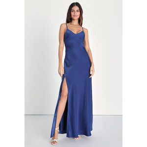 NWOT Divine Romance Navy Blue Satin Backless Maxi Dress
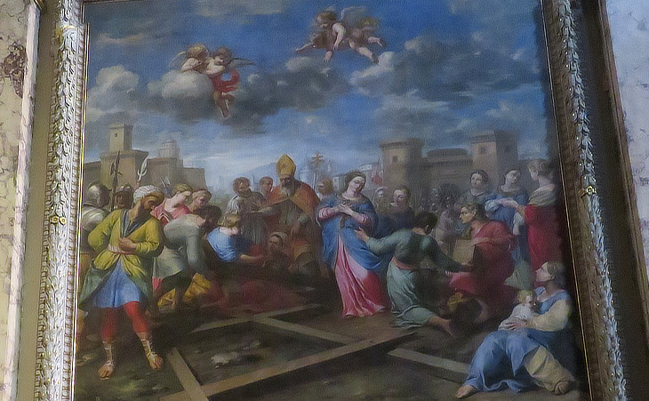 Today the historical attribution of the altarpiece to Pietro da Cortona, in the lack of specific records, is generally disregarded and art historians suggest the hand of a good pupil of Carlo Maratta, the leading painter in late XVIIth century Rome. See a painting of the late XVIth century depicting the same subject in a church at Sant'Oreste and one by Carlo Maratta in Palermo.
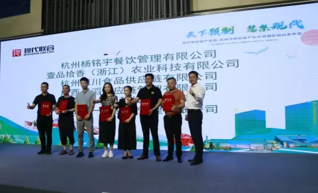 现代慧集(杭州)科技有限公司与浙江震元股份有限公司、长沙本味鲜物品牌管理有限公司、海欣食品股份有限公司、稻家(福建)预制菜运营管理有限公司、杭州译家仁健康科技有限公司、杭州杨铭宇餐饮管理有限公司、壹品拾香(浙江)农业科技有限公司、广西川滔供应链管理有限公司、杭州德川食品供应链有限公司浙江小利科技有限公司、浙江千一供应链管理有限公司等十家食品行业知名企业签订正式入园协议。
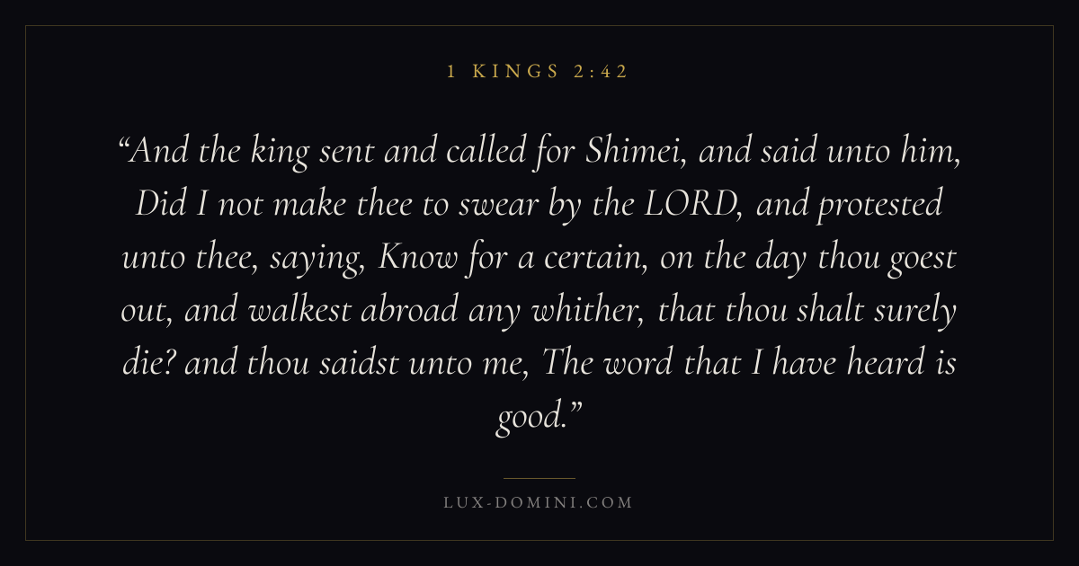 And the king sent and called for Shimei, and said unto him, Did I not make thee to swear by the LORD, and protested unto thee, saying, Know for a certain, on the day thou goest out, and walkest abroad any whither, that thou shalt surely die? and thou saidst unto me, The word that I have heard is good.
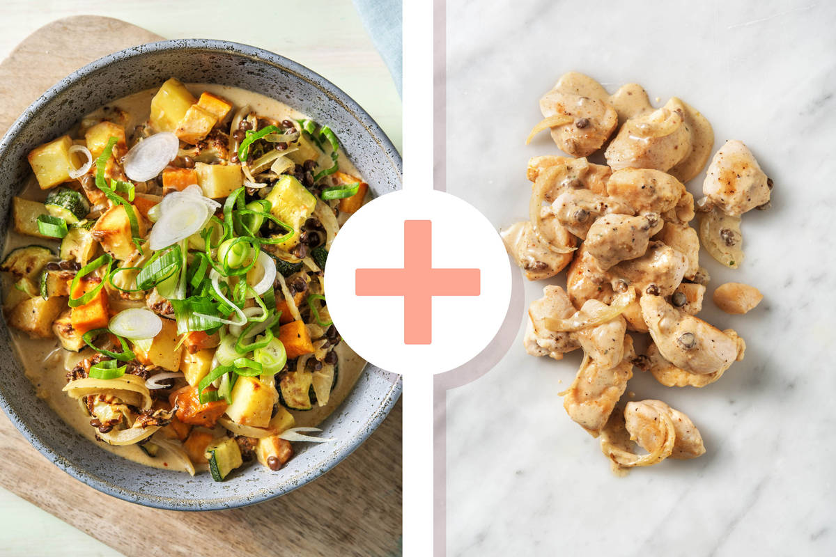 Extra Leckerbissen! Dein Massaman-Curry erfährt heute ein Upgrade durch zartes Hähnchenbrustfilet. So verwöhnst Du Dich ganz besonders nach einem langen Arbeitstag. Dazu bieten wir Dir eine kunterbunte Mischung an verschiedenen Proteinen, Ballaststoffen und Kohlenhydraten aus Linsen, Kartoffel, Süßkartoffel und Blumenkohl. Die sorgen dafür, dass Du garantiert lange satt bleibst. Lass es Dir schmecken!
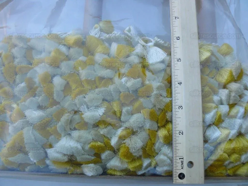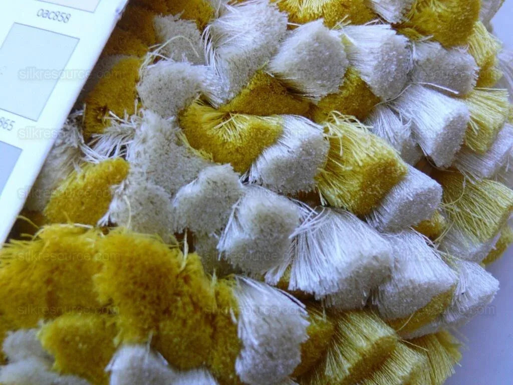 Most luxurious hand-made tassel fringe in 100% silk! Incredibly soft and saturated. It takes skilled artisan hours to craft a few yards. Designer: Scalamandre Name: "Jules Verne", sku: FT44-21, Tassel Fringe 100% Silk Color: GOLD, WHITE Approx Width: 2.5 ", MSRP USD 187.80/Yard a few years ago. Now similar silk trim goes for $200+/yard.
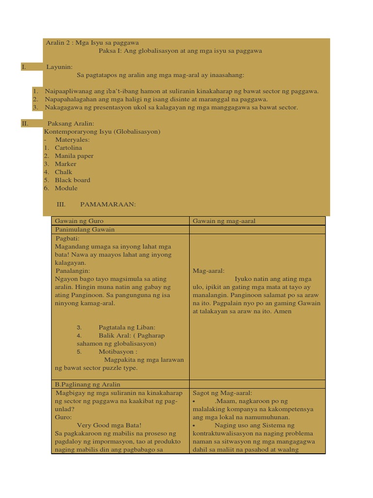 Isyu Ng Paggawa from image.slidesharecdn.com Ang pananakop ng mga kastila sa pilipinas, sa pamamahala ng mehiko, na tumagal ng mahigit 333 taon, ay may malaking kontribusyon sa kultura ng pilipinas. Hanap mo bay mga salawikain tungkol sa edukasyon? Sa konteksto ng mga pagbabago sa edukasyon na kinakaharap ng bayan ngayon, naninindigan ang kagawaran ng filipino na dapat ipagpatuloy ang puspusang pagpapayaman, pagpapayabong, paglinang, intelektuwalisasyon, at propesyonalisasyon ng filipino alinsunod sa ating saligang batas. Sa kabila ng ganitong magagandang resulta, pinangangambahan pa rin ng maraming tao ang bagay na madaraig ng nakapipinsalang mga epekto ng globalisasyon ang mga. Ang paksang ito ay magtatalakay hindi tayo kailangan ng kaliksan, tayo ang may pangangailangan. Ito ang laging rason ng mga mamamayang pilipino kung bakit sila mangingibang bansa. Nilalayon nilang harapin ang mga ligal na karapatan ng mga manggagawa ng pilipino at ang kanilang mga limitasyon tungkol sa proseso ng. Gumagawa sila ng mga kanta, nagsusulat ng mga tula, at gumuguhit ng frequently asked questions tungkol sa kulturang pilipino.

···

● ACTION ITEM: Your reply should repeat the entries above exactly, leaving the pictures out.

● OUTPUT FOR THIS EXERCISE:
 NWOT Divine Romance Navy Blue Satin Backless Maxi Dress
 Today the historical attribution of the altarpiece to Pietro da Cortona, in the lack of specific records, is generally disregarded and art historians suggest the hand of a good pupil of Carlo Maratta, the leading painter in late XVIIth century Rome. See a painting of the late XVIth century depicting the same subject in a church at Sant'Oreste and one by Carlo Maratta in Palermo.
 现代慧集(杭州)科技有限公司与浙江震元股份有限公司、长沙本味鲜物品牌管理有限公司、海欣食品股份有限公司、稻家(福建)预制菜运营管理有限公司、杭州译家仁健康科技有限公司、杭州杨铭宇餐饮管理有限公司、壹品拾香(浙江)农业科技有限公司、广西川滔供应链管理有限公司、杭州德川食品供应链有限公司浙江小利科技有限公司、浙江千一供应链管理有限公司等十家食品行业知名企业签订正式入园协议。
 And the king sent and called for Shimei, and said unto him, Did I not make thee to swear by the LORD, and protested unto thee, saying, Know for a certain, on the day thou goest out, and walkest abroad any whither, that thou shalt surely die? and thou saidst unto me, The word that I have heard is good.
 Extra Leckerbissen! Dein Massaman-Curry erfährt heute ein Upgrade durch zartes Hähnchenbrustfilet. So verwöhnst Du Dich ganz besonders nach einem langen Arbeitstag. Dazu bieten wir Dir eine kunterbunte Mischung an verschiedenen Proteinen, Ballaststoffen und Kohlenhydraten aus Linsen, Kartoffel, Süßkartoffel und Blumenkohl. Die sorgen dafür, dass Du garantiert lange satt bleibst. Lass es Dir schmecken!
 Most luxurious hand-made tassel fringe in 100% silk! Incredibly soft and saturated. It takes skilled artisan hours to craft a few yards. Designer: Scalamandre Name: "Jules Verne", sku: FT44-21, Tassel Fringe 100% Silk Color: GOLD, WHITE Approx Width: 2.5 ", MSRP USD 187.80/Yard a few years ago. Now similar silk trim goes for $200+/yard.
 Isyu Ng Paggawa from image.slidesharecdn.com Ang pananakop ng mga kastila sa pilipinas, sa pamamahala ng mehiko, na tumagal ng mahigit 333 taon, ay may malaking kontribusyon sa kultura ng pilipinas. Hanap mo bay mga salawikain tungkol sa edukasyon? Sa konteksto ng mga pagbabago sa edukasyon na kinakaharap ng bayan ngayon, naninindigan ang kagawaran ng filipino na dapat ipagpatuloy ang puspusang pagpapayaman, pagpapayabong, paglinang, intelektuwalisasyon, at propesyonalisasyon ng filipino alinsunod sa ating saligang batas. Sa kabila ng ganitong magagandang resulta, pinangangambahan pa rin ng maraming tao ang bagay na madaraig ng nakapipinsalang mga epekto ng globalisasyon ang mga. Ang paksang ito ay magtatalakay hindi tayo kailangan ng kaliksan, tayo ang may pangangailangan. Ito ang laging rason ng mga mamamayang pilipino kung bakit sila mangingibang bansa. Nilalayon nilang harapin ang mga ligal na karapatan ng mga manggagawa ng pilipino at ang kanilang mga limitasyon tungkol sa proseso ng. Gumagawa sila ng mga kanta, nagsusulat ng mga tula, at gumuguhit ng frequently asked questions tungkol sa kulturang pilipino.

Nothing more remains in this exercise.